LHC Post-Mortem System¶
Introduction¶
The Large Hadron Collider (LHC) at CERN is the most powerful particle accelerator in the world. Due to its complexity, ensuring operational reliability and safety is critical. The LHC Post-Mortem (PM) system was developed to meet these challenges by analysing transient data from a variety of systems during significant events such as magnet quenches, beam losses, or beam dumps.
What is the Post-Mortem System?¶
The Post-Mortem system is a set of services designed to handle data collected during critical LHC events. It processes inputs from diverse equipment, such as:
- Interlocks: Mechanisms that ensure safety by interrupting operations under unsafe conditions.
- Power Converters: Devices responsible for delivering precise electrical power to magnets and other systems.
- Beam Instrumentation: Tools used to monitor and measure beam dynamics.
The LHC Post-Mortem system collects data from thousands of devices not only during failures like beam aborts or equipment malfunctions but also during every beam dump. This data is then analized, enabling client applications to:
- Root Cause Identification: Understand the chain of events that led to a failure, such as detecting the initial trigger of a magnet quench or beam loss.
- System Validation: Ensure the proper functioning of machine protection systems and their redundancy mechanisms.
By automating these analyses, the system reduces the time needed to identify and resolve issues, enabling faster recovery and more reliable operation.
Architecture¶
How Does It Work?¶
The LHC Post-Mortem system operates through several key stages:
-
Data Collection: A redundant set of services collects transient data from multiple client systems. In the case of a beam dump, it stores thousands of data dumps within seconds in an Oracle database, and streams them for online processing.
-
Event Building: The system identifies significant events (such as beam dumps or localised equipment failures) by processing the incoming data stream using trigger timestamps and other criteria.
-
Analysis: Once an event is created, a series of analysis modules are executed automatically on the Post-Mortem Analysis servers, maintained by the BE-CSS-CPA group. Most of these modules are maintained by our team and are programmed in Java. They process the collected data to present the status of the machine at the time the event was generated.
-
Data Access and Result Presentation:
-
Post-Mortem Analysis GUI: Analysis results are provided by this GUI, which is also maintained by the BE-CSS-CPA group. This graphical user interface is the main way users, such as LHC operators, access the results and data from the Post-Mortem System. It allows operators to review findings in real time or during offline analysis.

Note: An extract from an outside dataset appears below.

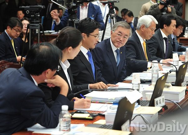 첫날 국감에서도 감기몸살을 이유로 질의를 하지 않았던 문재인 의원은 이날 얼굴이 퉁퉁 부은 상태로 나타나, 군 보안프로그램 결함과 예비군 총기관리 실태 부실 문제 등을 지적했다.

This tool is used to access the GUIs of each Analysis Module (which we maintain).
-
REST API: We expose data regarding the raw data dumps, events, and analyses through a REST API. This API enables programmatic access to the Post-Mortem data, allowing for integration not only with PMA but also with other tools and systems for offline analysis.

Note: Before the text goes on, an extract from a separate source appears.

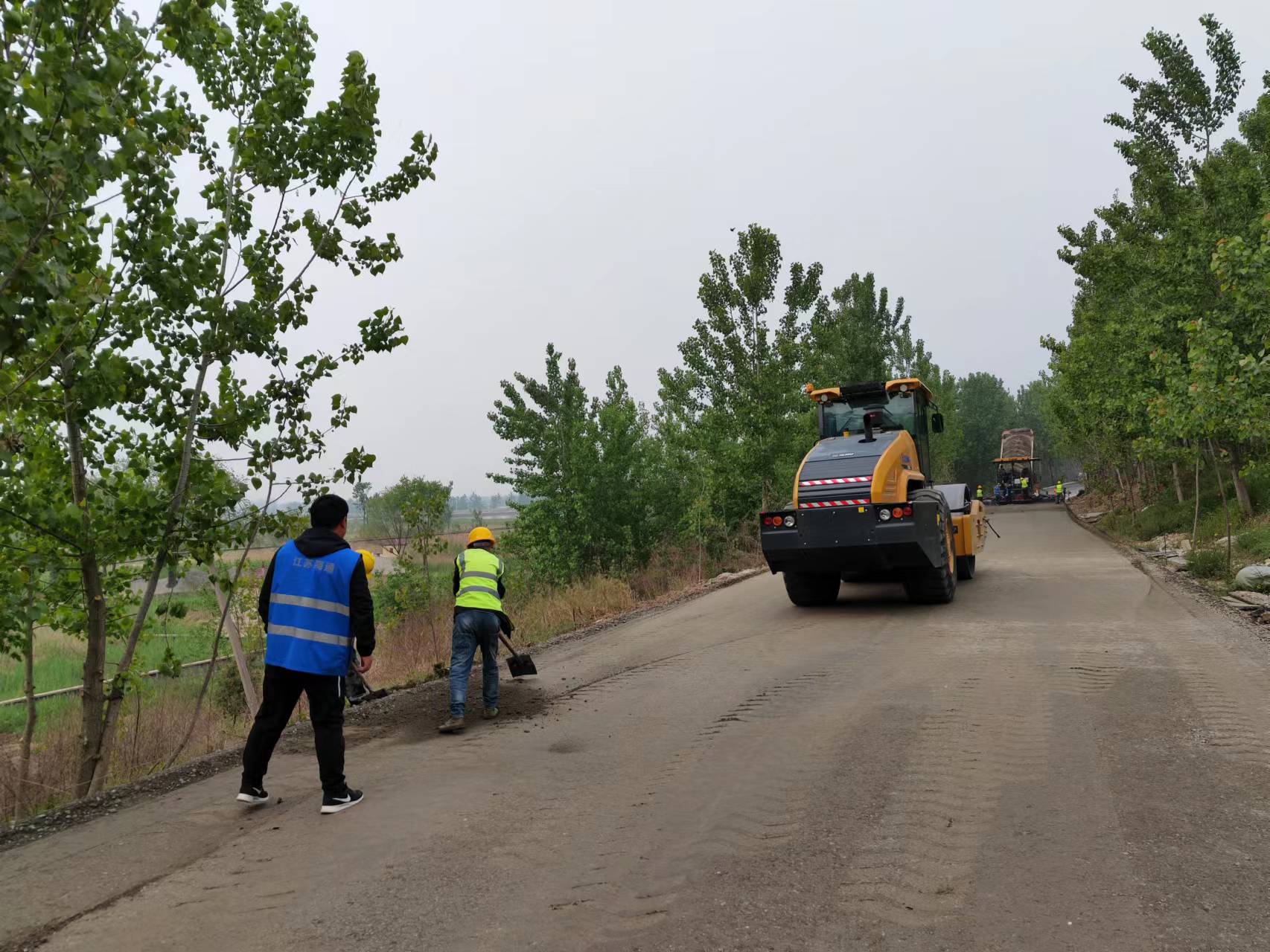 在新沭河堤顶路提标工程,目前进行沥青路面摊铺施工,通仁分公司为抢抓进度,安排党员带头进行现场施工,加班加点,歇人不歇机,把握施工黄金季。

Analysis Modules We Maintain¶
Our team maintains several analysis modules that process specific types of data. These modules are crucial for interpreting the complex data generated during LHC events. Below is a list of the types of data analysed by these modules:
- Beam Loss Monitor (BLM)
- Beam Interlock Controller (BIC)
- Powering Interlock Controller (PIC)
- Warm Magnet Interlock Controller (WIC)
- Beam Position Monitor (BPM)
- Beam Power Loss
- Tune Analysis
- Function Generator/Controllers (FGC)
- Safe Machine Parameters (SMP)
- Fast Magnet Current Change Monitors (FMCM)
- Quench Heater Discharge Analysis (QHDA)
- PM Quench Protection System (QPS) 13kA and 600A
Technologies¶
- Java: Used for client libraries and all the back-end services (using Spring Boot)
- Java Swing: Used for graphical user interfaces
- C++: Used for client libraries
- Oracle Database: Stores all transient data, events, and analyses collected by the system.
- Prometheus, OpenSearch, Kibana, Grafana: Used for monitoring and tracing
- Ansible: Used for automated deployment